The film faced negative criticism regarding execution of the story upon its release. A Malayalam softcore pornography film distributed in Kerala's main theatres, it features a rape and revenge storyline where the heroine's blouse is pulled off during a six-minute rape scene and the villain massages her breasts. It cost ₹1 million to make, made ₹1.2 million in two weeks until the censor board banned it.

==Plot==
It is an action drama based on revenge. Ramesh an orphan is taken in by a poor family, he is an auto-driver. The girl in the family is constantly disturbed by two rich youngsters. Ramesh warns them off. Jilted they kidnap Ramesh's sister and rapes her, his sister stabs Suresh fatally and Suresh strangles her down before dying. Knowing the news, Ramesh comes first to the scene. Police seeing Ramesh at the crime scene arrests him.

Suresh's father is a Mafia boss, he is disturbed by the death of his eldest son Suresh. He wants to take revenge on the whole family and sends Jambu to extradite Ramesh from the prison to punish him personally. Injured, Ramesh escapes en route into the forest and reaches in front of a tribal fight master's hut. The police officer who was in charge gets punishment transfer to the nearby forest, which is operation area of the Mafia boss. Ramesh recuperates and learns tribal fighting style from the master. He falls in love with Rani, his master's daughter.

Jambu, who has to meet requirements of Arabian smugglers from the forest finds it hard with the presence of the police officer. He warns the police officer for raiding and taking over his materials. He later comes in with the Mafia boss' youngest son Sughu and rapes the Police officers wife and hangs her dead body in the forest and leaves the baby in the forest. Ramesh and Rani in their walkabout find the baby and fight off a tiger to save it and decide to look after the child. The Police officer who is in search of his family hears his child crying in the forest and follows it. Seeing Ramesh, he mistakes that Ramesh kidnapped his wife and child. Tribal master resolves the dispute and they look for his wife and find the body. Angered, he and Ramesh storm into the smugglers' camp and kill Sughu. Hearing this news, the Mafia boss is angered and decides to go all out on those who have wronged him. After a long fight the police officer, Ramesh, Rani and Khellappan's ragtag team captures them with accompanying police force.

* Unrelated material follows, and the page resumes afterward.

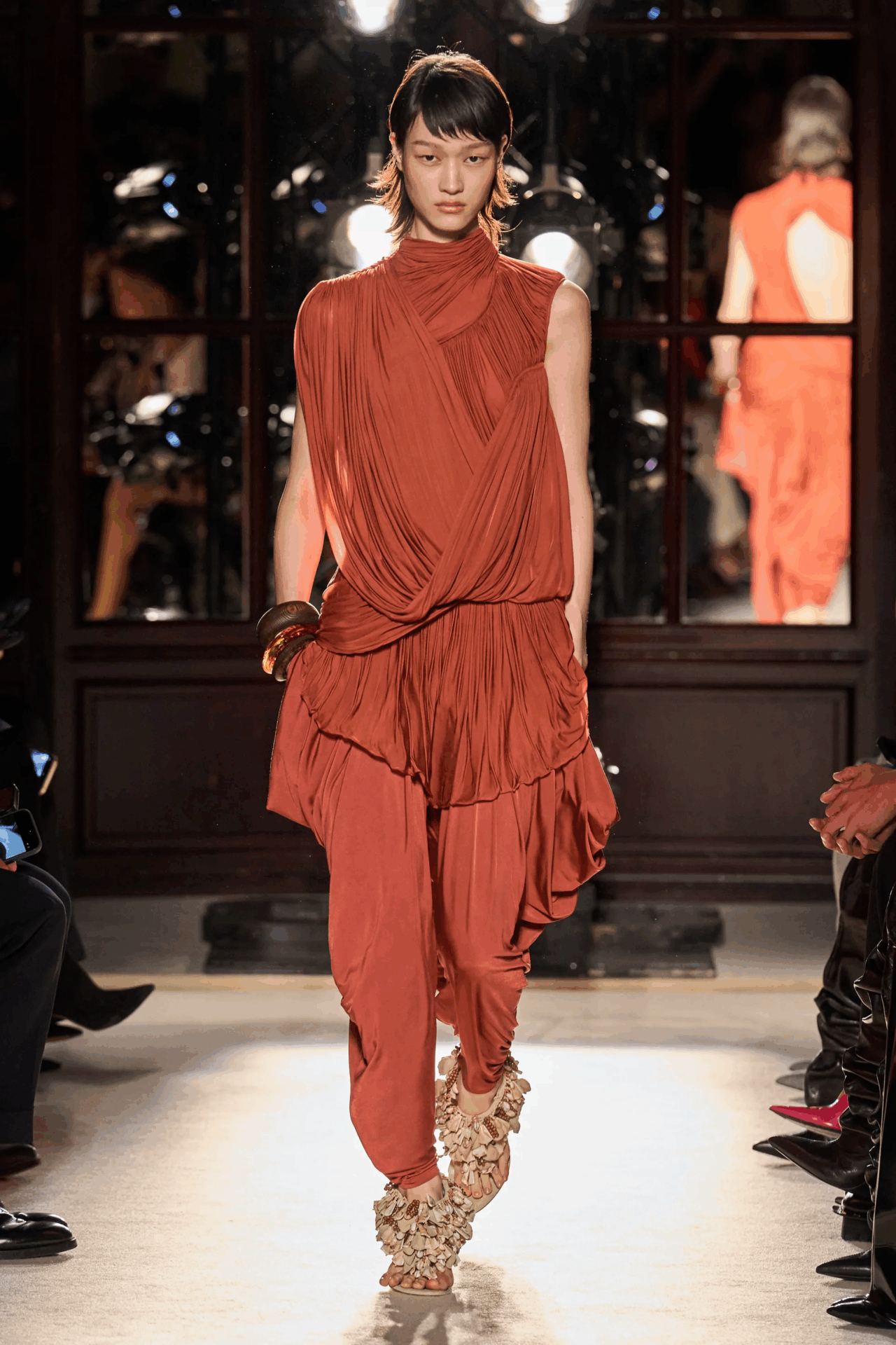 من ناحية Balmain، فتنوّعت باليت الألوان بين الزيتي والبرتقالي مع تصاميم حريرية وستانية فضفاضة ومطويّة بإنسيابية، كشاكش أنيقة، كنزات ناعمة من الكشمير والقطن، وتنانير مزيّنة بالأصداف.

Ramesh, who finds peace goes back into the jungle with Rani and the tribal master.

==Cast==
- Ratheesh as Ramesh
- Balan K. Nair as Mafia boss
- Sathaar as Rambo Jambu
- Shivaji as Suresh
- Ramu as Police officer
- Silk Smitha as Rani (credited as Vijayalakshmi)
- Sudheer as Tribal fight master
- Kuthiravattam Pappu as Khellappan

==Soundtrack==
The music was composed by Guna Singh with lyrics by Bharanikkavu Sivakumar.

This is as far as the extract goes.